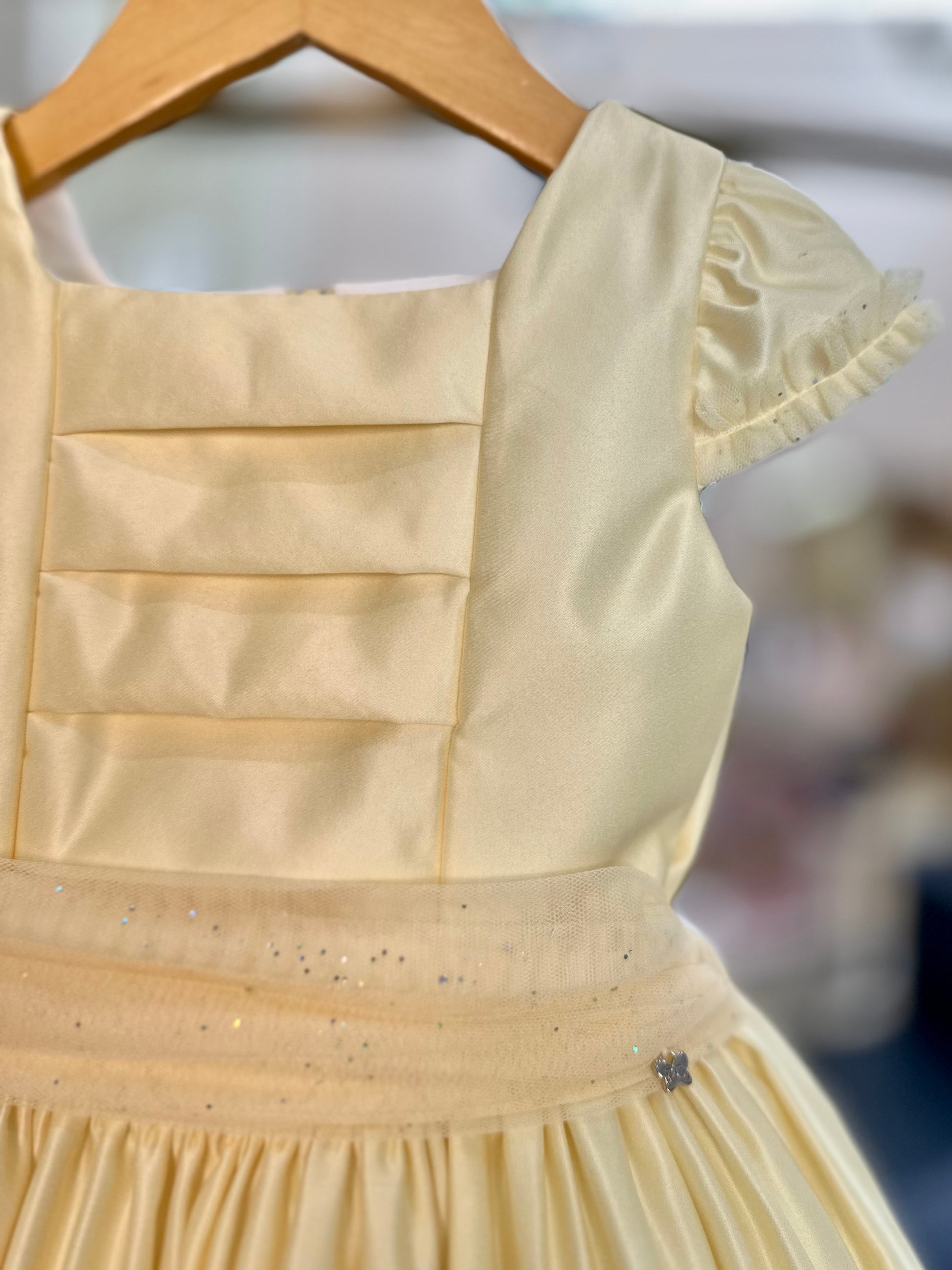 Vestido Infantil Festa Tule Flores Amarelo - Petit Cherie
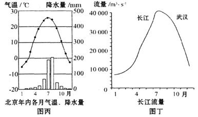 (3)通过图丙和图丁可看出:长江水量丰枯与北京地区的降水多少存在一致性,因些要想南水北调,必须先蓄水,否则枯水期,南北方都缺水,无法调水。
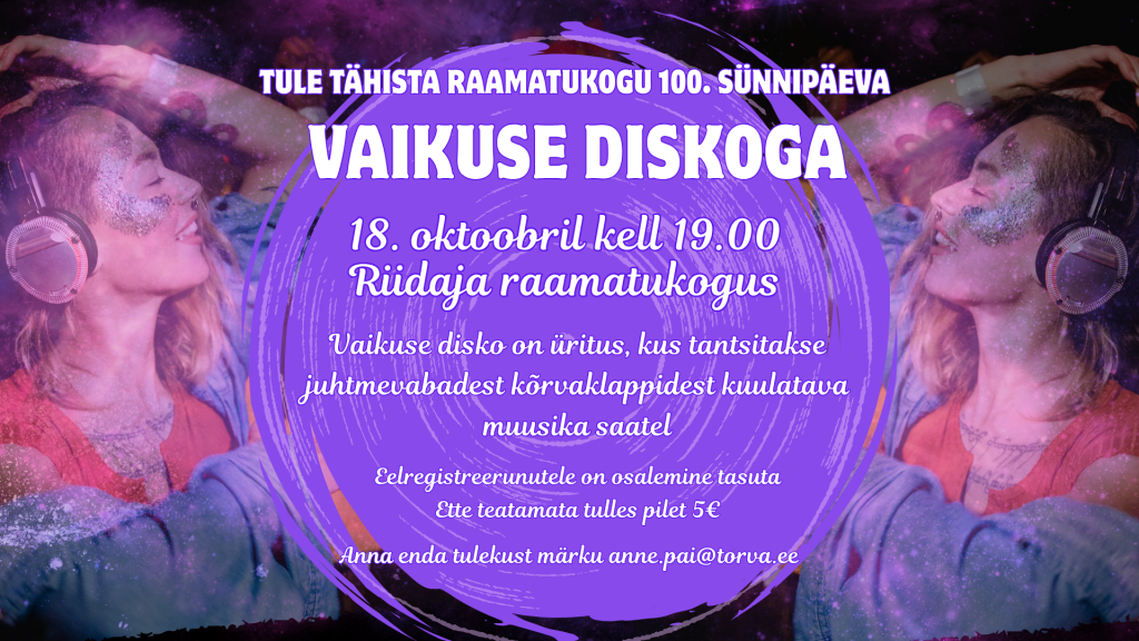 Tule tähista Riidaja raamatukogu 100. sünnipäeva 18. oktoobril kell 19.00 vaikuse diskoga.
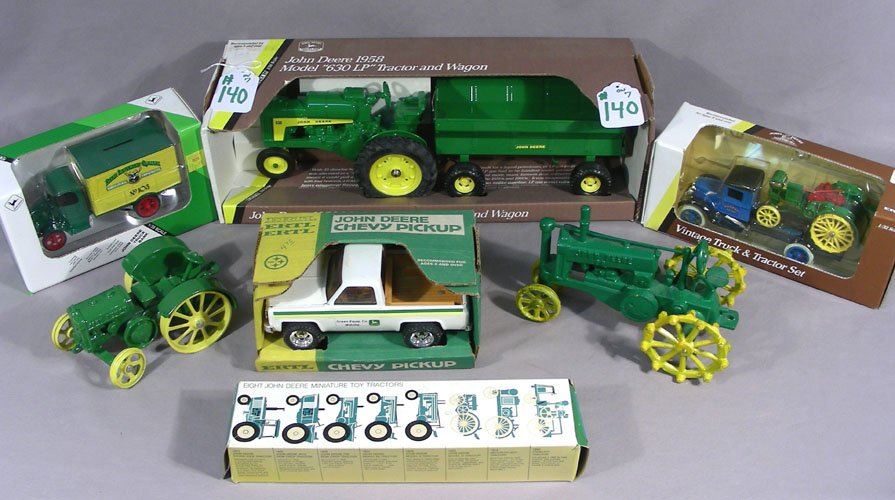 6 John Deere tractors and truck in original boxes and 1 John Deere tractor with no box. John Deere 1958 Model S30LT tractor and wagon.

§ AIM OF THE EXERCISE: Copy the listing character for character, pictures omitted.

§ SOLUTION:
 Vestido Infantil Festa Tule Flores Amarelo - Petit Cherie
 (3)通过图丙和图丁可看出:长江水量丰枯与北京地区的降水多少存在一致性,因些要想南水北调,必须先蓄水,否则枯水期,南北方都缺水,无法调水。
 Tule tähista Riidaja raamatukogu 100. sünnipäeva 18. oktoobril kell 19.00 vaikuse diskoga.
 6 John Deere tractors and truck in original boxes and 1 John Deere tractor with no box. John Deere 1958 Model S30LT tractor and wagon.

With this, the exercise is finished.